Susan has been an ICU nurse for over 20 years. She is responsible for an old patient, acutely admitted a few hours ago. His condition is severe and unstable. Soon after Susan started her shift, the patient’s wife, daughter and grandson arrived. Susan greets them at the door. She puts out chairs and gives the patient’s wife the chair closest to him, telling her that she can hold his hand. She offers them something to drink. Then she talks about the patient’s condition, the treatment and the equipment. Later three more relatives arrive. Despite the ward’s fixed visiting hours and limited numbers of visitors, Susan welcomes them and fetches more chairs. They all sit around the bed, sometimes talking, sometimes quiet. The atmosphere is peaceful. Susan sits in the background and tells her colleague: “I think this is a nice situation”.
(Field note, ICU 3)
Susan is confident and very capable. She can combine caring for a critically ill patient and many family members. She is flexible and ignores the visiting regulations by exercising discretion to meet the family’s needs.

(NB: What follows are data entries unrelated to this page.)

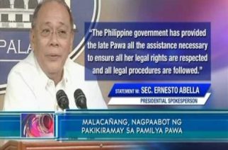 (Eagle News) – Agad naman nagpaabot na ng pakikiramay ang Malacañang sa mga naulilang pamilya ni Jakatia Pawa makaraang mabitay ito sa Kuwait, kahapon Enero 25. Sa statement na inilabas ni Presidential Spokesperson Ernesto Abella, ikinalulungkot ng Palasyo ang balita matapos na kumpirmahin ng Department of Foreign Affairs (DFA) na natuloy ang pagbitay kay Pawa. https://youtu.be/myHhirw4nSY
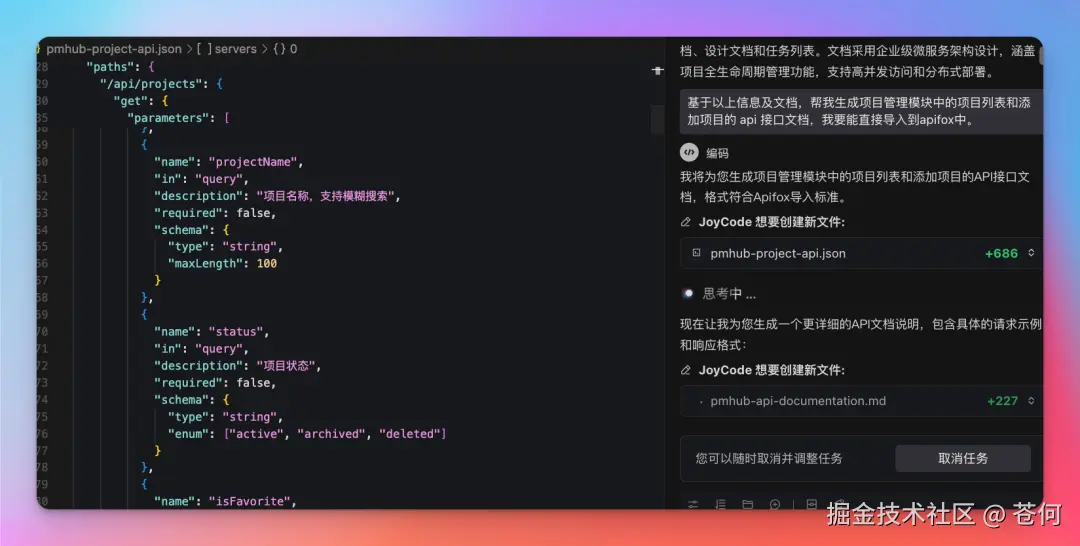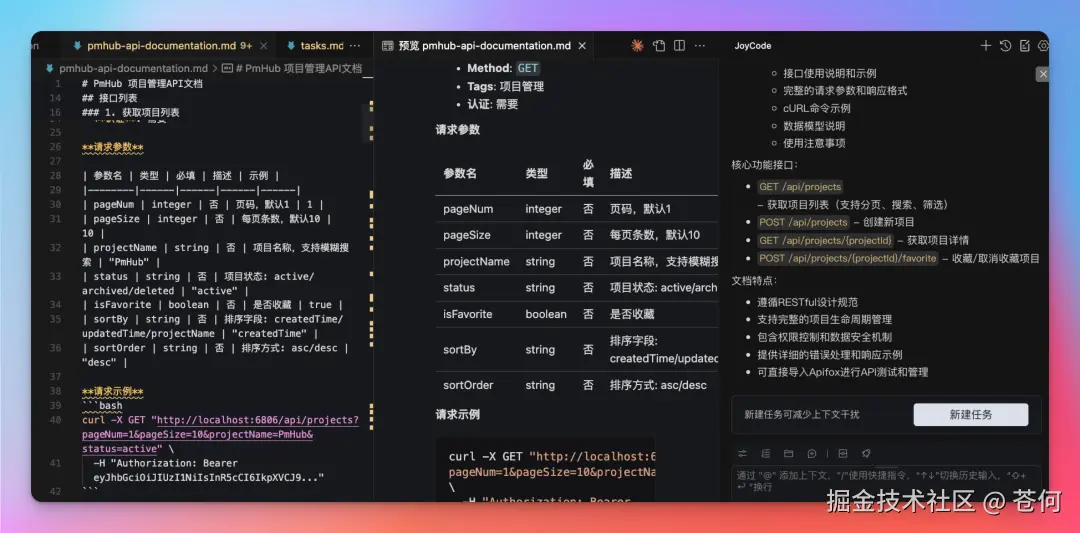 我尝试在 JoyCode 中测试该功能,比如照着我们开源的 PmHub 项目的接口文档,我们尝试做点有意思的事情。
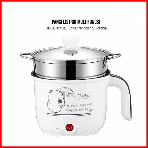 Panci Listrik Serbaguna Panci Electric Pot Free Kukusan Stainless Steel Panci Penggorengan 0.8l
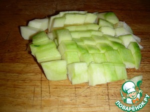 У цуккини срезаем кожуру, удаляем семечки и нарезаем кубиками.

Sound knowledge of critical illness and family care gives clinicians confidence when informing families about ICU patients’ complex conditions. Oscar, a nurse, said:
“… it’s very important for me to have good knowledge, understand the patient’s disease, know the pathophysiology and understand the intensive care provided so I can explain this clearly and simply to families”.
(Field note, ICU 4)
However, more experience and knowledge does not necessarily mean better family care. Several participants said that older, experienced nurses could be less flexible and tolerant than younger ones. One nurse said: “I was better before, now I get tired of them [families]”, while another stated: “I’m so old, I can’t face having relatives around so much”. Younger nurses often showed more commitment and flexibility. Regardless of age and experience, the degree of tolerance was clearly seen in clinicians’ behavior towards families. It varied between the extremes of calm, polite, supportive, and inclusive clinicians and abrupt, rude, critical, and dismissive ones.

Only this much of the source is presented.